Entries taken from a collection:

_ _ _ _ _ _ _

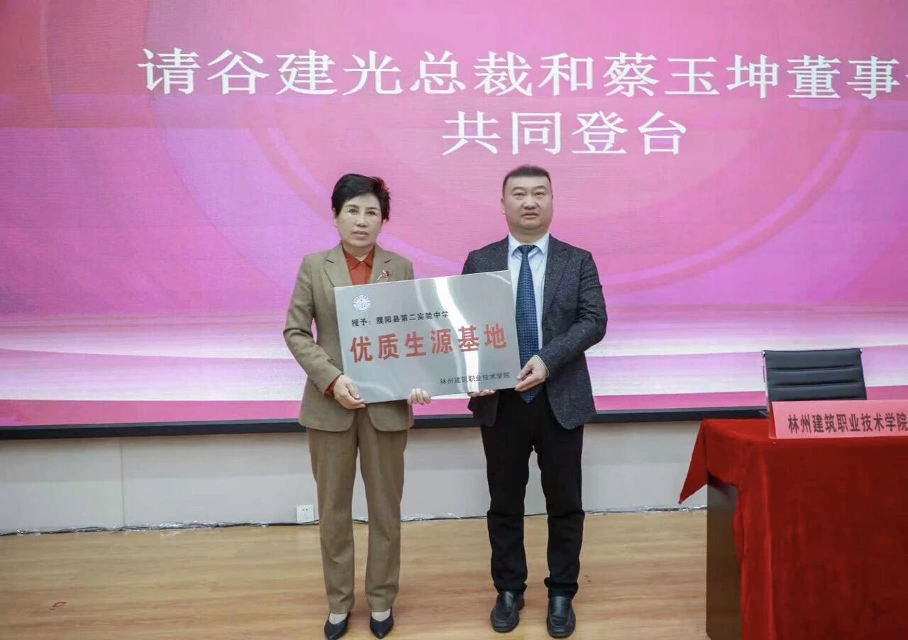 会上,林州建筑职业技术学院校长张清华与濮阳县第二实验中学校长张克来签署合作协议,谷建光总裁与蔡玉坤董事长共同完成授牌。随后,全体参会人员合影留念,并参观了林州建院校园,实地考察了产教融合实训基地。
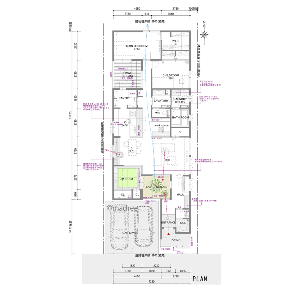 ・玄関の扉を開けると正面に坪庭的な光庭が見え、気持ちのいい玄関に感じられるよう視覚的効果も狙っています。また光庭は和室に配置する地窓からの眺めにも一役買う事でしょう。光庭は採光のための庭としてガレージに面している外壁の高さを1800として道路からの視線をカットし、通風のため壁の下部高さ300ミリメートルほどを開けることをお勧めします。
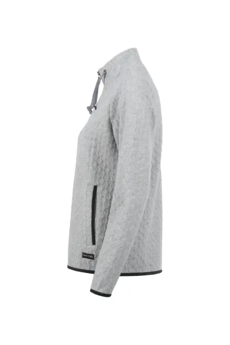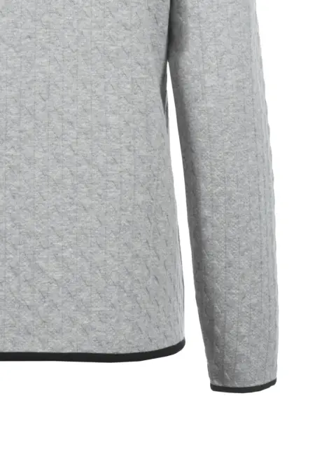Unifarbene Sweatjacke mit spannender Jacquard-Struktur. Mit sportivem Stehkragen und Bändern. Besonders sticht die Jacke heraus durch die Kontrastkanten an den Ärmelenden und Taschen.
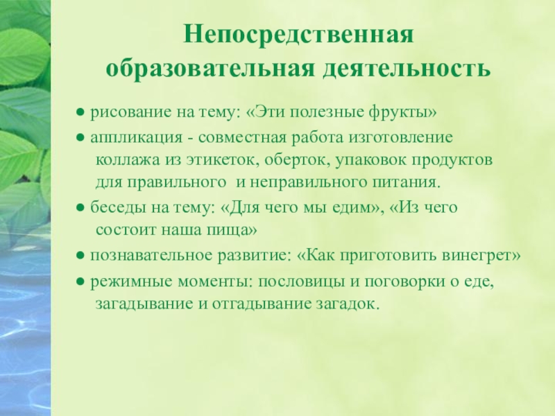 ● беседы на тему: «Для чего мы едим», «Из чего состоит наша пища»
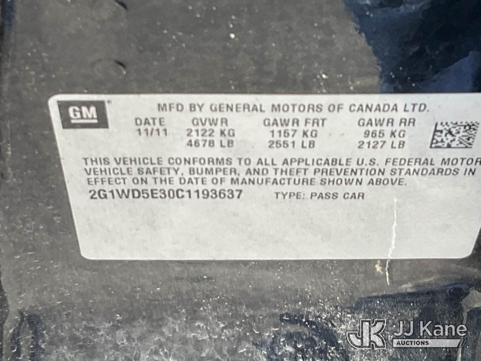 2012 Chevrolet Impala 4-Door Sedan, 6-cyl gas, Auto, A/C, (128,923 miles) (Runs & Moves) (Check Engine Light On) This is a Titled Item NOTE: This unit is being sold AS IS/WHERE IS via Timed Auction and is located in Salt Lake City, UT. Inspection & preview days for this unit are the 2 business days prior to the first day of items closing for this auction, item is located at 2353 N Redwood Rd Salt Lake City, UT 84116 and hours of operations are 8a-4p. Titles executed exactly as bidder registered. Ensure your name and/or business name and address in JJ Kane and/or ProxiBid is correct before bidding. For pre-sale questions, please contact Office Staff @ (801) 519-0123. (Buyer is responsible for removal. Assistance by consignor or JJ Kane Auctions is not assured.)
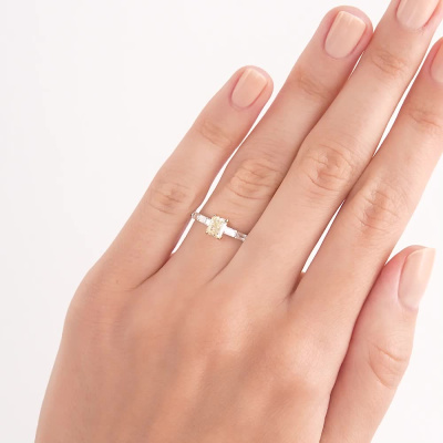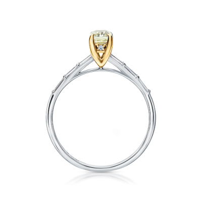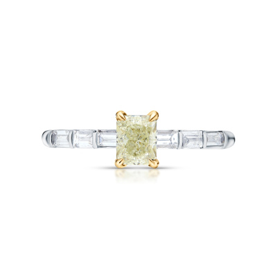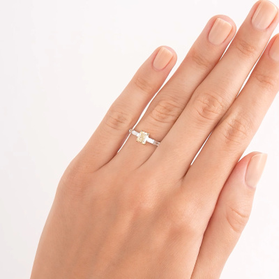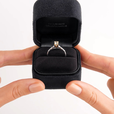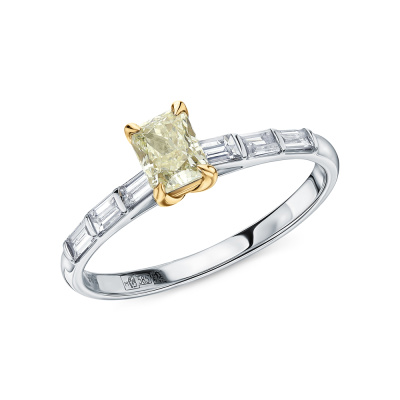 Кольцо с 1 бриллиантом природным, 0.6 карат, цвет 8-2, чистота 7, тип огранки А; 6 бриллиантами природными, 0.29 карат, огранка багет 33 грани, цвет 3, чистота 4, тип огранки А; 6 бриллиантами природными, 0.03 карат, огранка круг 57 граней, цвет 3, чистота 4, тип огранки А; Белое золото 585 пробы.
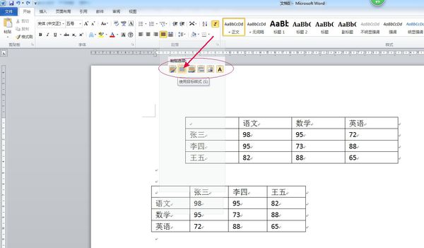 8、再切换到WORD中,点击右键菜单,在右键菜单中选择“粘贴选项“下的“使用目标样式“,这样就实现了表格的行和列的转换;
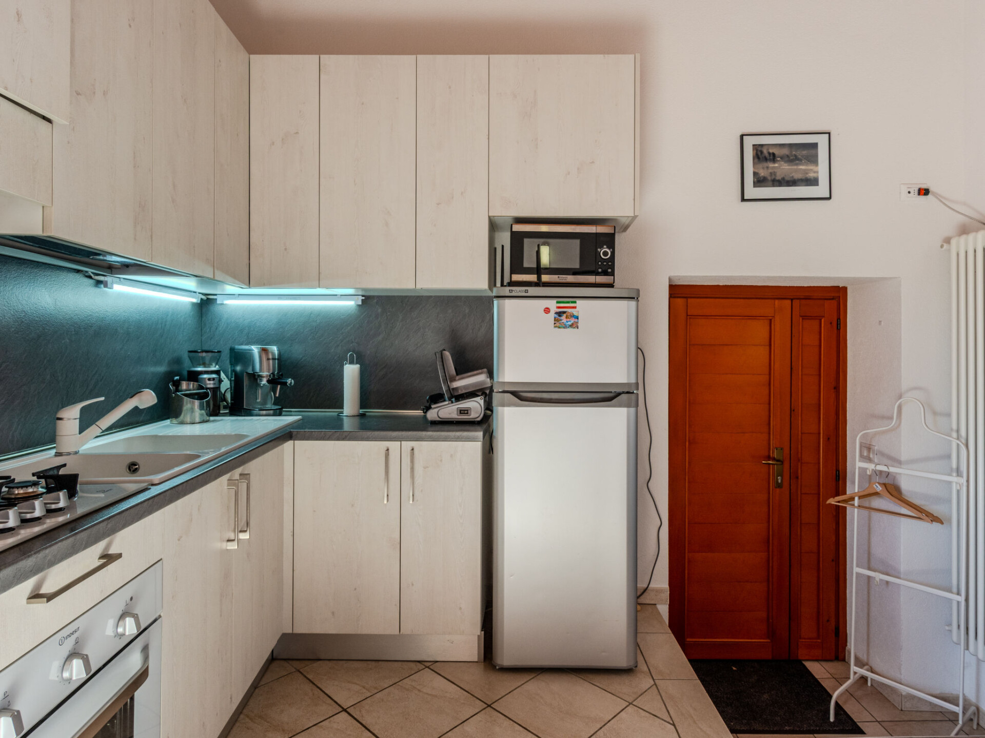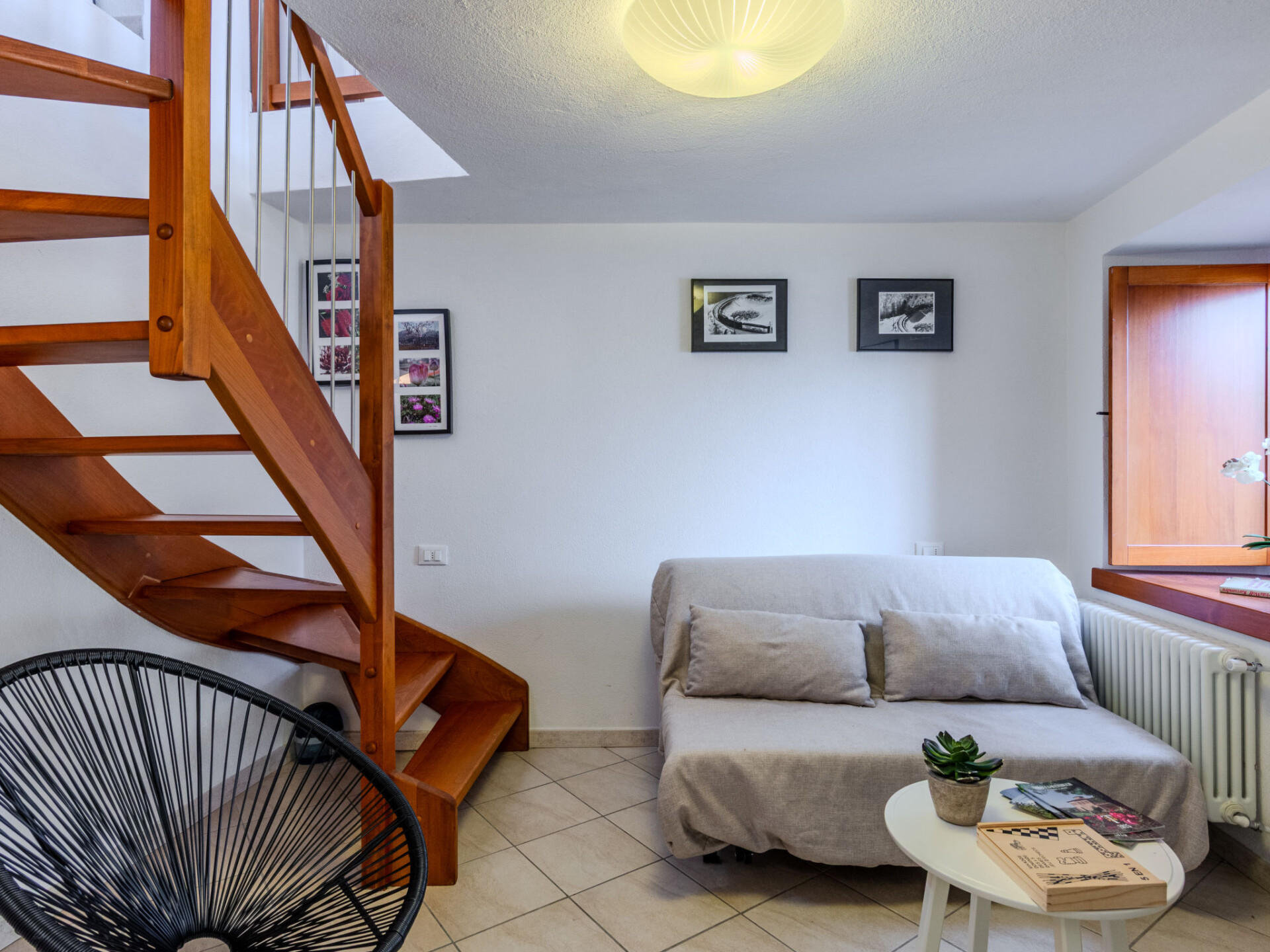 Huis 3-kamers 50 m2 op 2 verdiepingen. Comfortabel en gezellig ingericht: woonkeuken (oven, 4 kookpitten (vlammen), broodrooster, magnetron, elektrische koffiemachine) met eettafel. Uitgang naar het balkon. Douche/bidet/WC. Souterrain: 1 2-pers. kamer. Open woon-/slaapkamer met 1 divanbed (140 cm), 1 opklapbed en aparte WC. Terras. Terrasmeubelen. Zeer mooi uitzicht op het meer en het landschap. Ter beschikking: wasmachine, haardroger. Internet (WiFi, gratis). Rookvrij huis. Brandblusser. IT013155C237WTBNGT
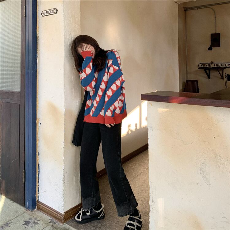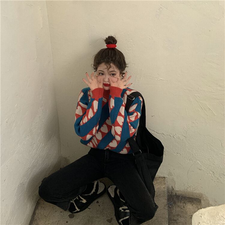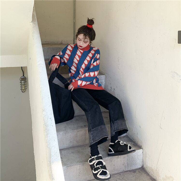 レトロ風 セーター トップス レギュラー丈 袖あり 長袖 萌袖 ハイネック タートルネック ストレート もこもこ ふわふわ 編み込み 伸縮性 厚手 かわいい カジュアル おしゃれ お洒落 レトロ ラフ ラブリー キュート ルーズ 柄 ストライプ ハート 秋 冬 誕生日 10代 20代 女性用 ママ 通勤 学生 通学 デート お出かけ 公園デビュー 女子会 お泊まり 休日 アウトドア 旅行 ショッピング 韓国系 香港風 楽ちん 防寒 体系カバー ギフト インスタ映え ゆる ワンサイズ 白 赤 青
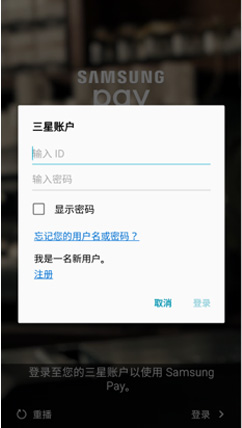 开启SAMSUNG PAY APP,登陆三星账号
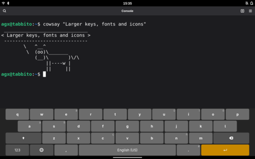 В экранной клавиатуре Stevia реализована поддержка масштабирования области ввода и пиктограмм клавиш для использования всего горизонтального пространства при работе в ландшафтом режиме или на больших экранах.

_ _ _ _ _ _ _

**Assignment**
Repeat only the lines from the line with "开启SAMSUNG PAY APP,登陆三星账号" to the end of the entries, including both the first and the last line, and drop every picture.

**Result for this task**
 开启SAMSUNG PAY APP,登陆三星账号
 В экранной клавиатуре Stevia реализована поддержка масштабирования области ввода и пиктограмм клавиш для использования всего горизонтального пространства при работе в ландшафтом режиме или на больших экранах.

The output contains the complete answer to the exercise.